Food shortage also coincides with adequate calorie production where the foods consumed are deficient in protein or micronutrients. Diets may be adequate in quantity but not quality. The three most common micronutrient deficiencies, those of iron, iodine, and vitamin A, are described in the Introduction to this volume (chapter 1). Such deficiencies are most common in vegetarian or near-vegetarian diets that lack variety, both because such diets tend to be consumed by people who lack resources to acquire greater variety and because some nutrients are more abundant in animal foods.

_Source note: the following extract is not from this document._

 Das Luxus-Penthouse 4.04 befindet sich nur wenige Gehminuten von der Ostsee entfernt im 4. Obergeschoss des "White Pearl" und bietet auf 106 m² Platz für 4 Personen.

Strategies to change consumption patterns
These failures of the global food system to prevent food shortage despite adequate food energy production are being addressed in various ways in both developed and developing countries. In developed countries, higher consumption of animal foods is being discouraged. Meat consumption has begun to decline in response to health concerns that diets high in animal fat contribute to cardiovascular disease and certain cancers. Nutritionists are also trying to improve the dietary habits of poorer people, who tend to consume diets higher in fat. For reasons of equity and conservation, "food first," ecology, and natural resource advocates in developed countries also stress the importance of "eating low on the food chain" - more grain and vegetables, less meat - to make more food available to meet global food needs, and to encourage sustainable agricultural practices (Lappe 1991; Brown and Kane 1994).

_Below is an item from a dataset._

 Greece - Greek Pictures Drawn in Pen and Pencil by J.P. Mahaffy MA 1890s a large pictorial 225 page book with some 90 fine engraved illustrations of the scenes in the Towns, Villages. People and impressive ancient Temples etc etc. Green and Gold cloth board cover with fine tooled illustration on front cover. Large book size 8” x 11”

To meet world food needs, fat consumption also needs to be discouraged in some developing countries where average meat consumption is still at relatively healthy levels, but demands for animal protein and fats are increasing.2 Increasing the consumption of grains, legumes, root crops, and vegetables, relative to animal products, involves changing dietary patterns in developed countries and reversing current trends toward higher consumption of meat and fats in developing countries. Since higher status conventionally is associated with greater meat and fat consumption, such dietary change challenges traditional social, as well as nutritional, beliefs and practices and may prove difficult.

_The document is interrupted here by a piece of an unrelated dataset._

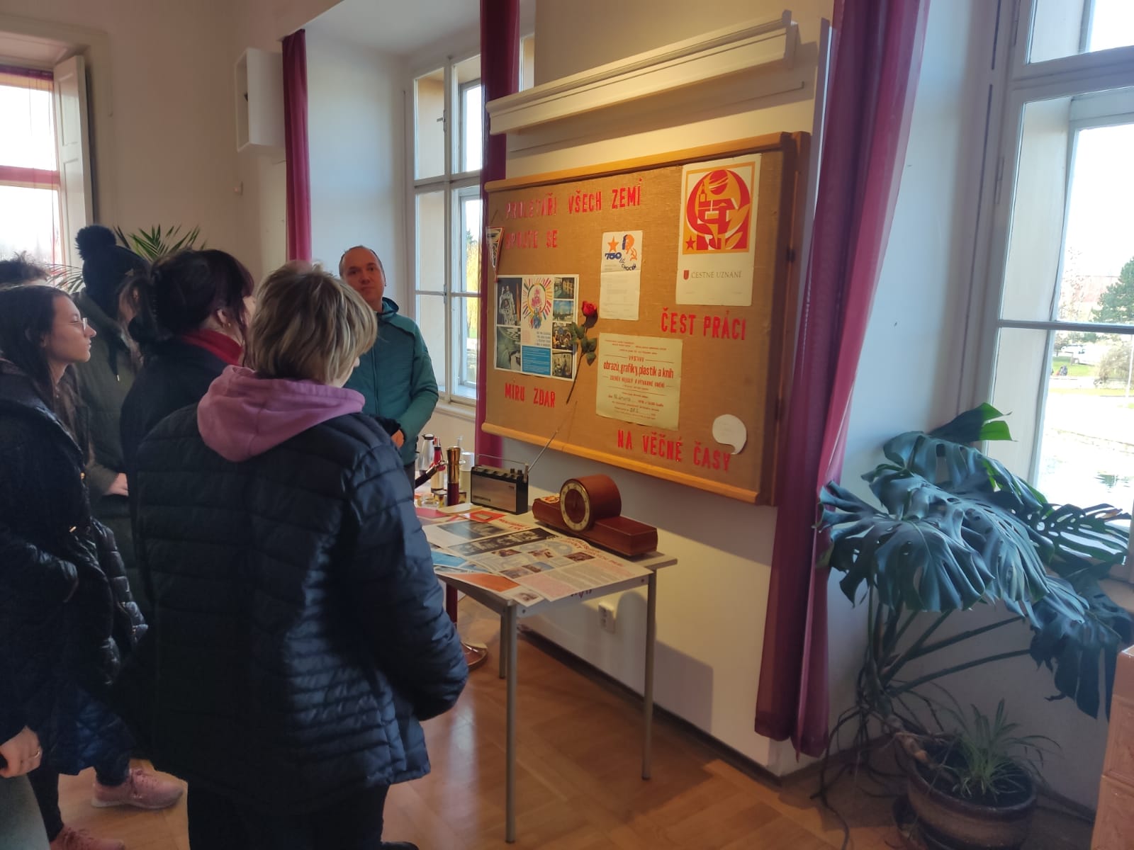 21.11. navštívily třídy O2B a CR2 choceňské muzeum. Výstava Takhle jsme tu žili nám přiblížila život v období normalizace 1968 -1989 v Chocni. Rituály, propaganda, oblíbené předměty, zvyky, fungování firem, bydlení atd. Výstavou nás zasvěceně provedl ředitel muzea Michal Hofman.

Micronutrient deficiencies, by contrast, can be targeted by a number of specific interventions: (1) increasing intake of foods containing them; (2) fortifying or enriching other foods so that they contain more of the needed nutrients, or (3) providing oral or injectable vitamins and minerals. To be successful, however, all rely on some degree of political commitment, as well as behavioural change. Although costs for some programmes are relatively low (e.g. salt iodization costs only about five cents per person per year, and vitamin A capsules only about six cents [Grant 1995]), they demand technical and social organization, and political and community support, for effective implementation and monitoring.
Despite these concerns about dietary quality, the most important conclusion to be drawn from an analysis of global food shortage is that there is no such shortage. Hunger is not primarily caused by food shortage.